A child who is baptized doesn’t know the ramifications of their baptism…but “grace” is still bestowed…only as an adult are the “full blessings” of baptism realized because now understanding has occured.

Same with confirmation…an 8 year old child has no full understanding of the significance of the sacrament until later on in life…providing they continue in the tradition.
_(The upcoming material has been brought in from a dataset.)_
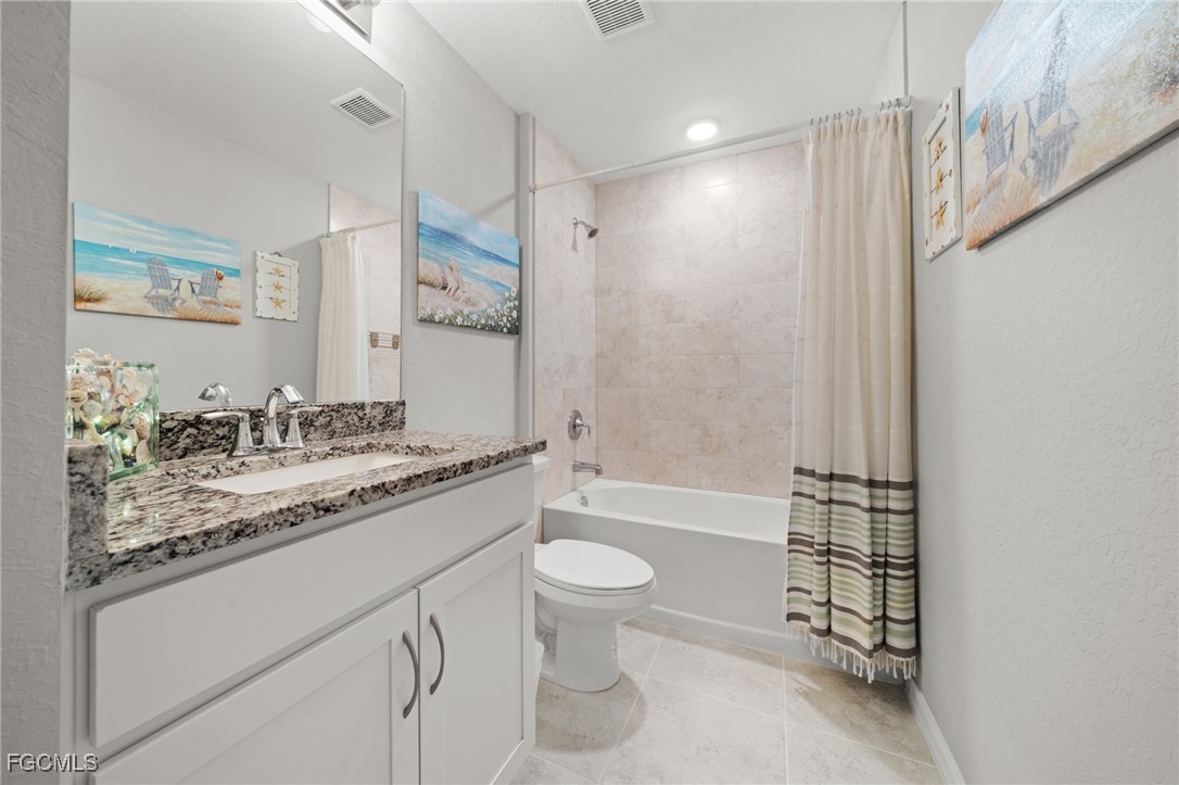 The 3-car garage is a standout, offering epoxy-coated floors, custom built-in shelving, and a dedicated workshop area. Inside, the open-concept kitchen features granite countertops, a center island, stainless steel appliances, and a separate pantry, while both bathrooms include matching granite finishes. The primary suite offers a dual-sink vanity and walk-in shower, while the guest bathroom includes a full-size tub.

Marriage seems to be the same in some of your minds…there aren’t too many of us that enter into marriage realizing the full ramifications of marriage until a life lived in marriage is experienced. Since the bride and groom “marry one another” before God and the priest is a witness to it…there must come a time in the marriage when the full ramifications of marriage and all that it entails is finally understood…it would seem to me…and others…that even if there was some “impediment” of commitment at the time their vows were exchanged…if they were involved in the faith, a “sacramental” marriage would eventually be established as they grew in commitment and love toward one another…even if by intellectual ascent with no love present…and since it is God who joins them together thru their mutual commitment to one another as husband and wife…it “boggles” the mind how a marriage that brought forth children thru mutal commitment any “impediment” could be present to “invalidate” their marriage commitment since they “marry each other” before God…it would seem to me a sacramental marriage eventually “occurs” in Reality.

While “annulment” of a 30 year marriage sure appears to be “divorce” to those not privy to the in’s and out’s of Catholic understanding.
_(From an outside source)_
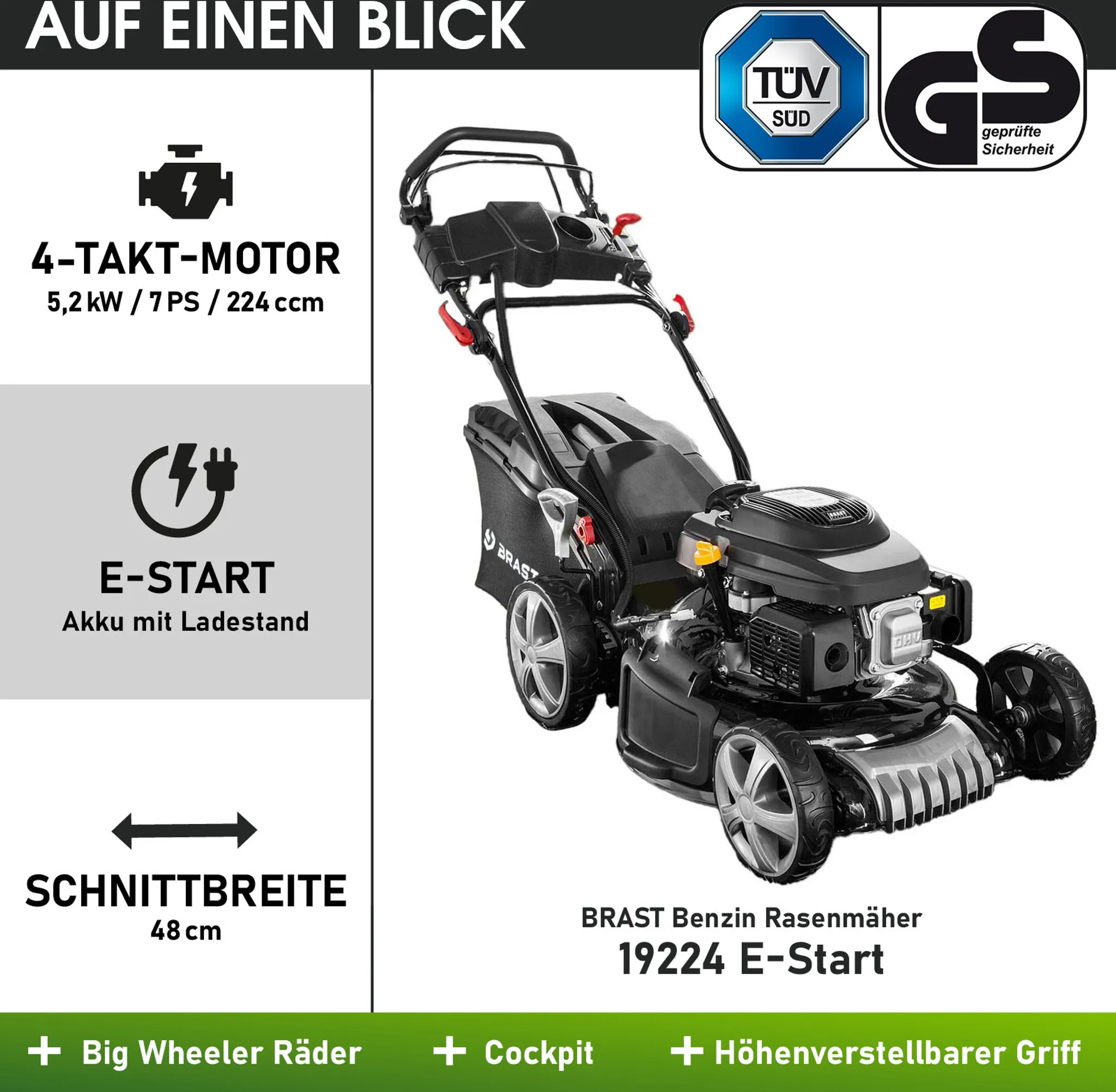 BRAST Benzin Rasenmäher 19224 ESTART

Do Catholics divorce and remarry? Of course…divorce among Catholics is no less than the national average…one’s faith tradition doesn’t seem to have any effect on divorce rates.🤷
It is true that Sacraments give grace. There are times/situations however when a Sacrament is invalid.
 
Do the Protestant denominations restrict remarriage after a divorce, or is one essentially permitted to “remarry” as often as one likes? Is there any annulment process? I know LDS have their temple unsealings, but I don’t think of that as a valid Christian sect.
The Lutheran view is that of three in a marriage, the couple, and Christ Jesus as the bridegroom in your marriage. Two flesh and souls become one in Christ Jesus and share on Spirit in Christ Jesus. My wife and I had to read allowed all the bridegroom Scriptures, and pretty much all of Ephesians and Galatians which are pivotal to keeping a Gospel perspective on marriage. There’s many other Scriptures as well but these stood out the most and offer the most marital resources in a single read.

To divorce is equal to divorcing God.

Only in instances were a spouse is at an all out war against the Church, adultery, physical abuse, jailed for a heinous crime, and etc… will a pastor nullify the marriage.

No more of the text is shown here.